* **Information provided**

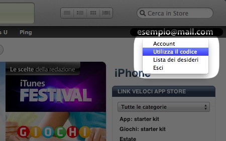 Recati nell'angolo in alto a destra e clicca sull'indirizzo email del tuo account Apple, poi clicca su Utilizza codice.
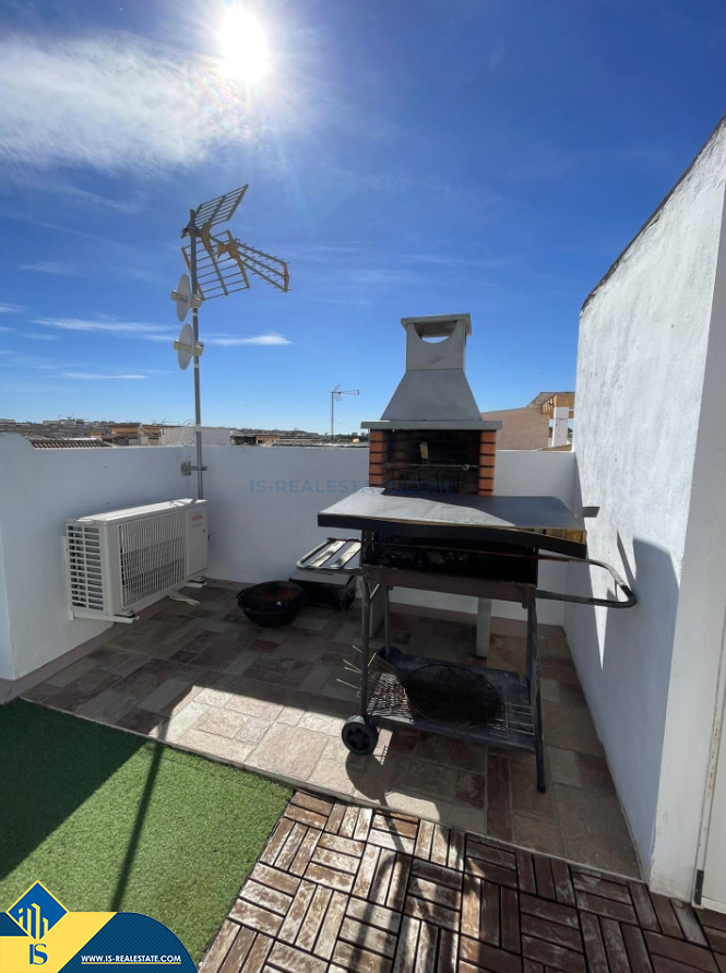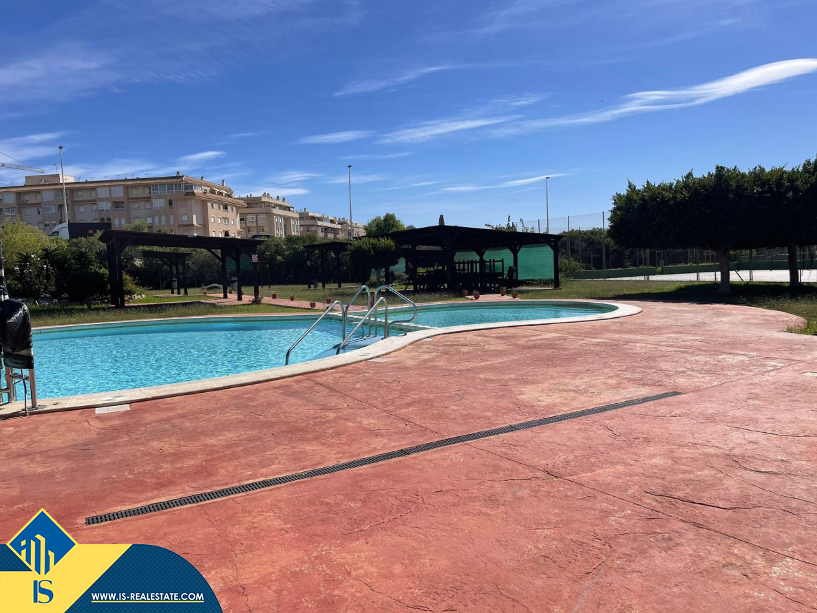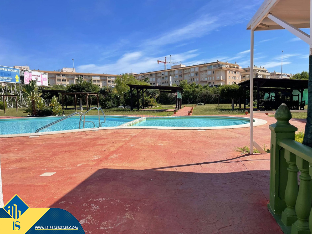 3-jų kambarių renovuotas bungalas su bendru baseinu, Ispanijoje, Alicante provincijoje, Torrevieja mieste, bendras plotas 52 m², 900 metrų iki jūros, 45 kilometrai iki Alicante oro uosto. Turtui priklauso bendras baseinas, terasa, soliariumas. Netoli turto yra parduotuvės, restoranai, autobusų stotelės, vaikų zonos, degalinės, žalios zonos, kavinės
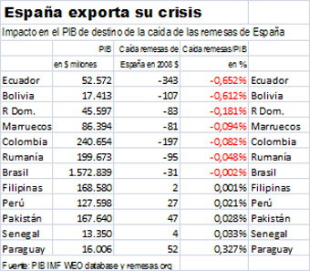 Por ejemplo, Ecuador, recibió en 2008 €232 millones menos que en 2007, una cantidad que supone $343 millones, o bien el 0,65% del PIB ecuatoriano. Dicho esto, hay que añadir las remesas enviadas a Ecuador desde España suponen nada menos que el 2,9% de su PIB. Le sigue en este ranking de impacto negativo Bolivia, que en 2008 recibió €72 millones menos o bien $107 millones, lo que supone el 0,61% del PIB boliviano. Las remesas de España que sí llegaron a Bolivia suponen el 6,1% de su PIB. La caída de las remesas entre 2007 y 2008 supone el 0,18% del PIB de la República Dominicana y casi el 0,1% del de Marruecos. Estas notables mermas contrastan con el incremento de €52 millones que ha recibido Paraguay, lo que por si solo supone un 0,3% de su PIB. Este incremento hace que el total de las remesas que recibió Paraguay de España suponga casi el 3% de su PIB.
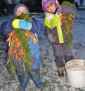 Ausgerüstet mit einer Grabgabel ging‘s zum Gemüsefeld. Interessanterweise ließen sich heute die Möhren viel leichter ausgraben als bisher. Klar: Die Erde war vom Regen gut durchfeuchtet und deshalb sehr locker. So konnten wir auch die ganz langen Möhren ausgraben, ohne dass sie abbrachen.

* **Requirement**
Give the listing above again word for word, without its pictures.

* **Completed exercise**
 Recati nell'angolo in alto a destra e clicca sull'indirizzo email del tuo account Apple, poi clicca su Utilizza codice.
 3-jų kambarių renovuotas bungalas su bendru baseinu, Ispanijoje, Alicante provincijoje, Torrevieja mieste, bendras plotas 52 m², 900 metrų iki jūros, 45 kilometrai iki Alicante oro uosto. Turtui priklauso bendras baseinas, terasa, soliariumas. Netoli turto yra parduotuvės, restoranai, autobusų stotelės, vaikų zonos, degalinės, žalios zonos, kavinės
 Por ejemplo, Ecuador, recibió en 2008 €232 millones menos que en 2007, una cantidad que supone $343 millones, o bien el 0,65% del PIB ecuatoriano. Dicho esto, hay que añadir las remesas enviadas a Ecuador desde España suponen nada menos que el 2,9% de su PIB. Le sigue en este ranking de impacto negativo Bolivia, que en 2008 recibió €72 millones menos o bien $107 millones, lo que supone el 0,61% del PIB boliviano. Las remesas de España que sí llegaron a Bolivia suponen el 6,1% de su PIB. La caída de las remesas entre 2007 y 2008 supone el 0,18% del PIB de la República Dominicana y casi el 0,1% del de Marruecos. Estas notables mermas contrastan con el incremento de €52 millones que ha recibido Paraguay, lo que por si solo supone un 0,3% de su PIB. Este incremento hace que el total de las remesas que recibió Paraguay de España suponga casi el 3% de su PIB.
 Ausgerüstet mit einer Grabgabel ging‘s zum Gemüsefeld. Interessanterweise ließen sich heute die Möhren viel leichter ausgraben als bisher. Klar: Die Erde war vom Regen gut durchfeuchtet und deshalb sehr locker. So konnten wir auch die ganz langen Möhren ausgraben, ohne dass sie abbrachen.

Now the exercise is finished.